> TASK INSTRUCTIONS
Any pictures in the records below must be left out when you repeat the lines from the line containing "Elegant Design &" through the line containing "3月10日 カミングさんまる30献立みそラーメン、牛乳、切り干し大根のナムル" exactly.

> THE DATA
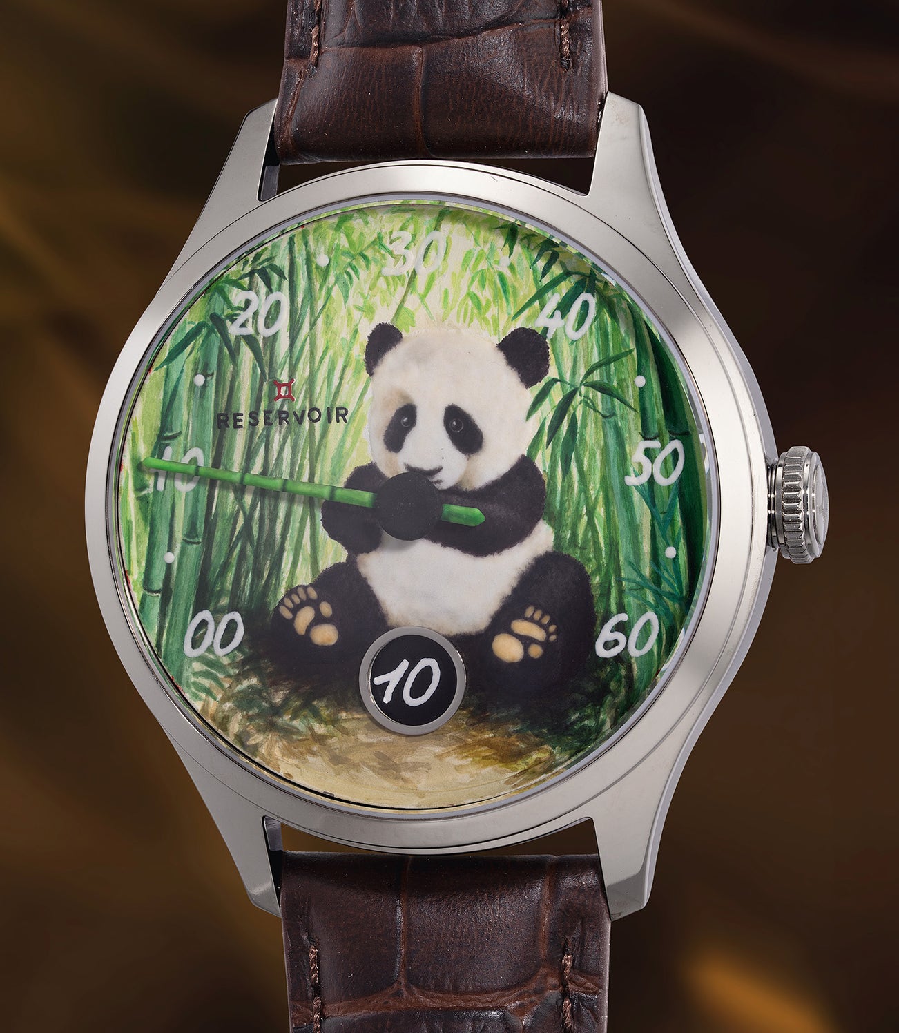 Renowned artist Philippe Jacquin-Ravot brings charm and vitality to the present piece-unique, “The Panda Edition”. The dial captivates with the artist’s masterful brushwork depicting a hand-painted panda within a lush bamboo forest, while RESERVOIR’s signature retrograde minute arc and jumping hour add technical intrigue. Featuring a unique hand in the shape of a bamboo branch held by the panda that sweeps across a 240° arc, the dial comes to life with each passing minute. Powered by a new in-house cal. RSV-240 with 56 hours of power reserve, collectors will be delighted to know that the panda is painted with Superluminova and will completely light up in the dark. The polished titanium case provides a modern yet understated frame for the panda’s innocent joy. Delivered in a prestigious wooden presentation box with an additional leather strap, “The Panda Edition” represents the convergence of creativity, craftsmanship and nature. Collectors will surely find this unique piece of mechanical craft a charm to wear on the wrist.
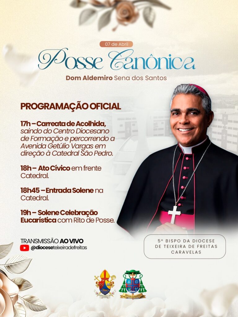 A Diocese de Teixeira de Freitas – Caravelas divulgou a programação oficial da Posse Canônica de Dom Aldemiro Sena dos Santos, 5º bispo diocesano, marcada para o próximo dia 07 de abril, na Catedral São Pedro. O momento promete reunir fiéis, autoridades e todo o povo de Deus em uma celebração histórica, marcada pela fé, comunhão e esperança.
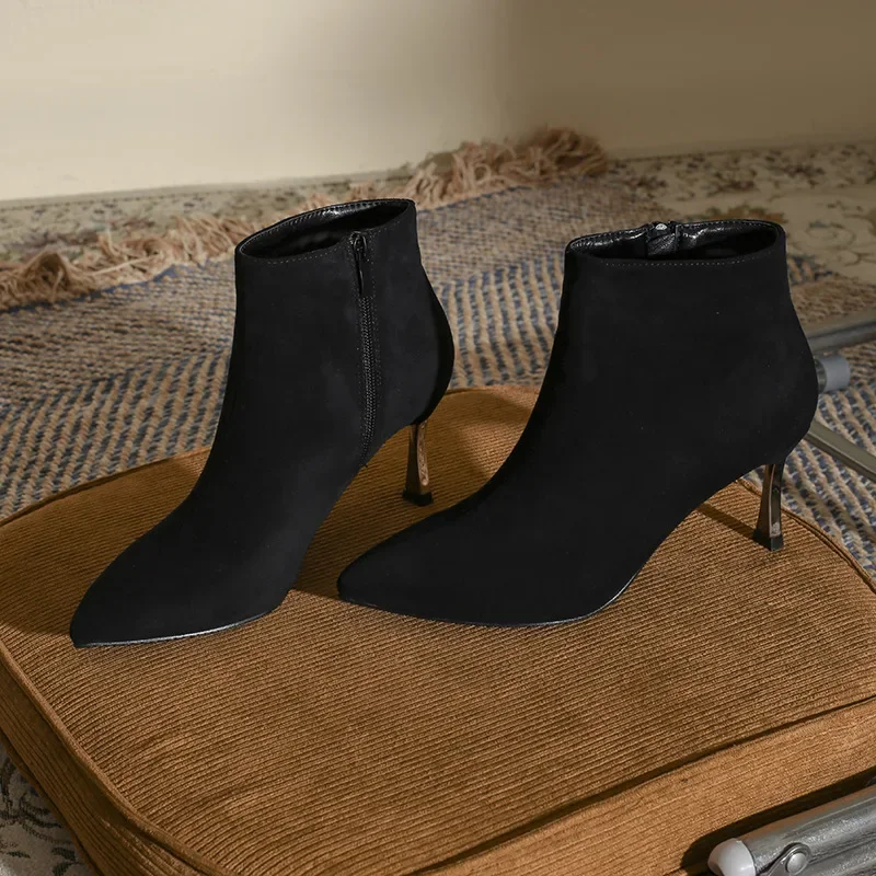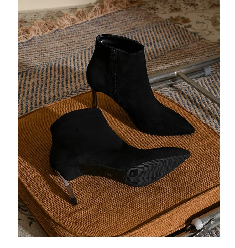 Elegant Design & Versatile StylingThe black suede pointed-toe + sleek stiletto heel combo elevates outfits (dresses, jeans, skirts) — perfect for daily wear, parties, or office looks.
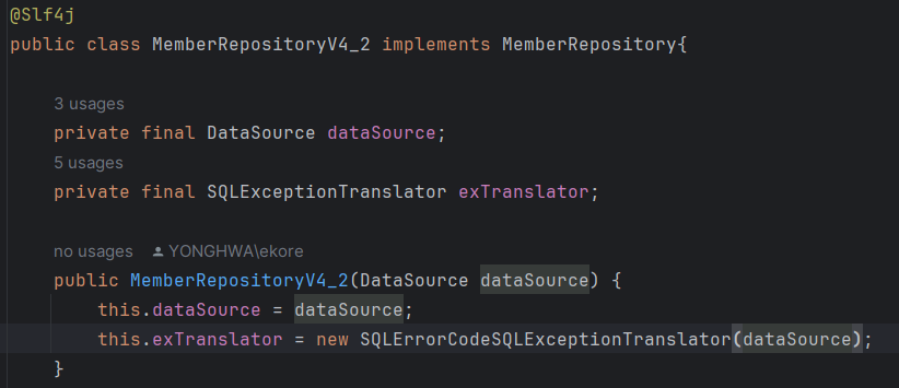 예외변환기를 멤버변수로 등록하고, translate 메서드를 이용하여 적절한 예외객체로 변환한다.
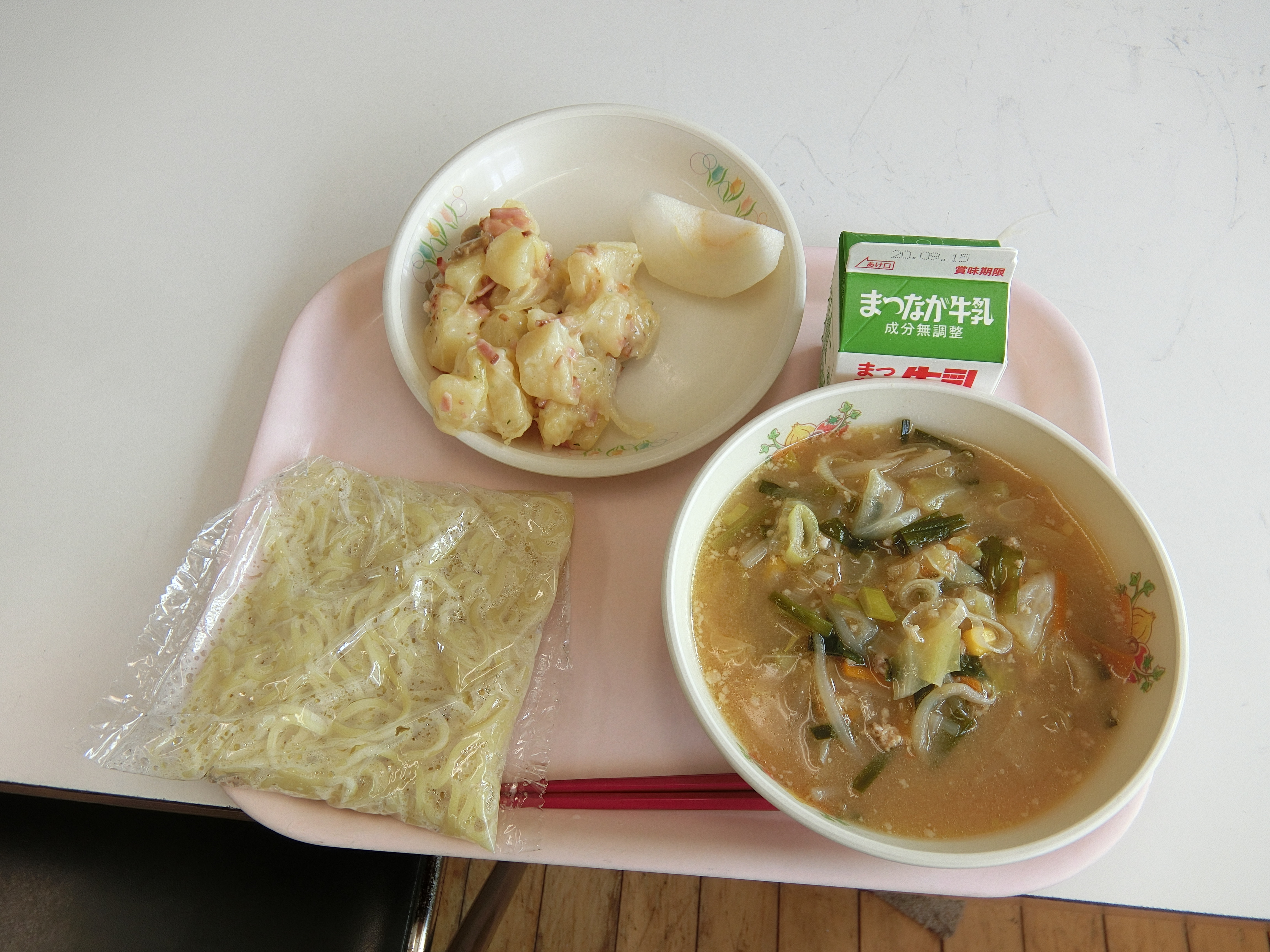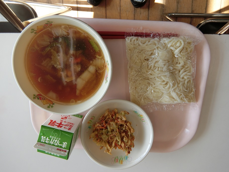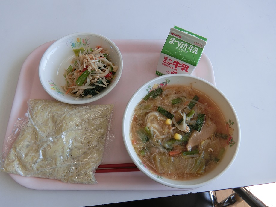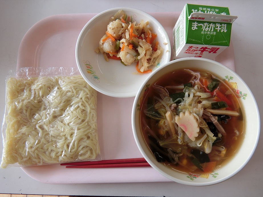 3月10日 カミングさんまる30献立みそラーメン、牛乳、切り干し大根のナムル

==

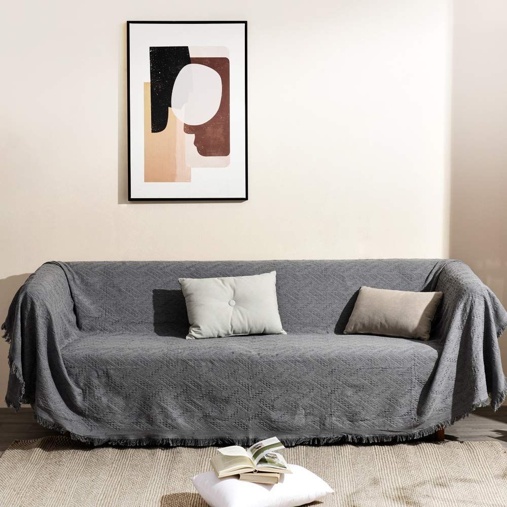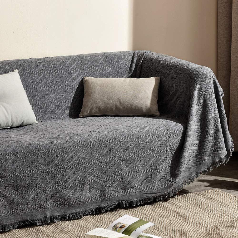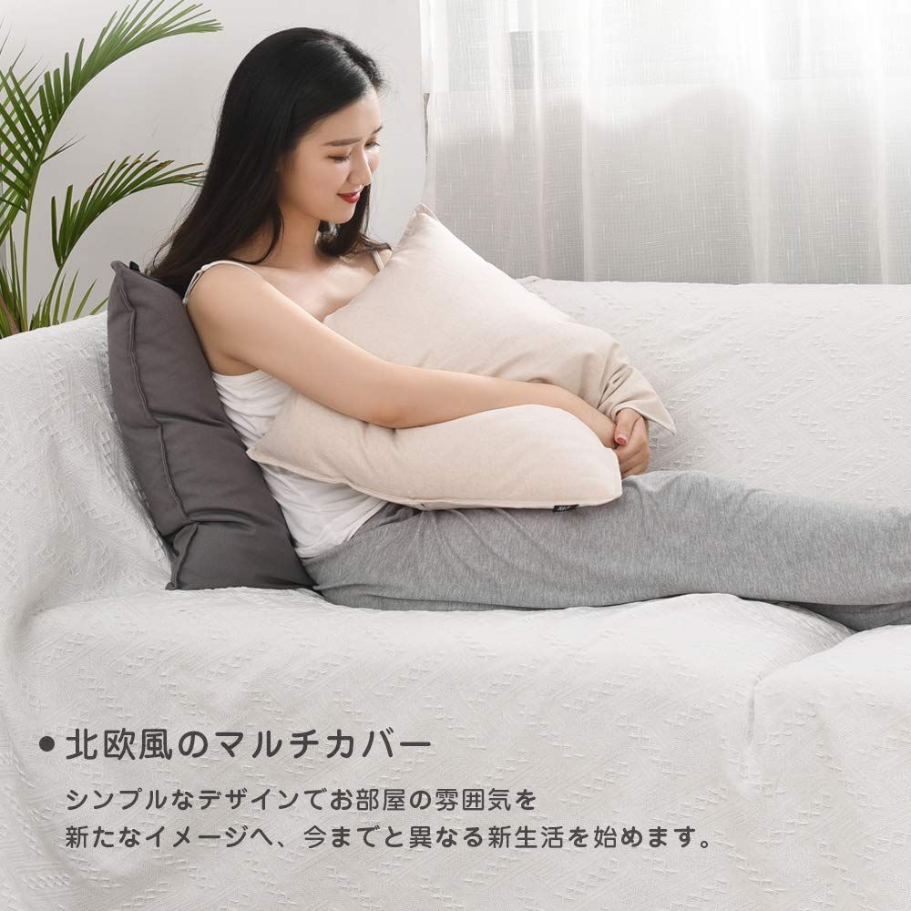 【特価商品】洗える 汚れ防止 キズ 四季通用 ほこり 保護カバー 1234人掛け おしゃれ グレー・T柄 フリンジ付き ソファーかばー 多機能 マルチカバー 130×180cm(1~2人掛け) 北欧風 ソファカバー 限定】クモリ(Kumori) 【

> ANSWER FOR THIS EXERCISE
 Elegant Design & Versatile StylingThe black suede pointed-toe + sleek stiletto heel combo elevates outfits (dresses, jeans, skirts) — perfect for daily wear, parties, or office looks.
 예외변환기를 멤버변수로 등록하고, translate 메서드를 이용하여 적절한 예외객체로 변환한다.
 3月10日 カミングさんまる30献立みそラーメン、牛乳、切り干し大根のナムル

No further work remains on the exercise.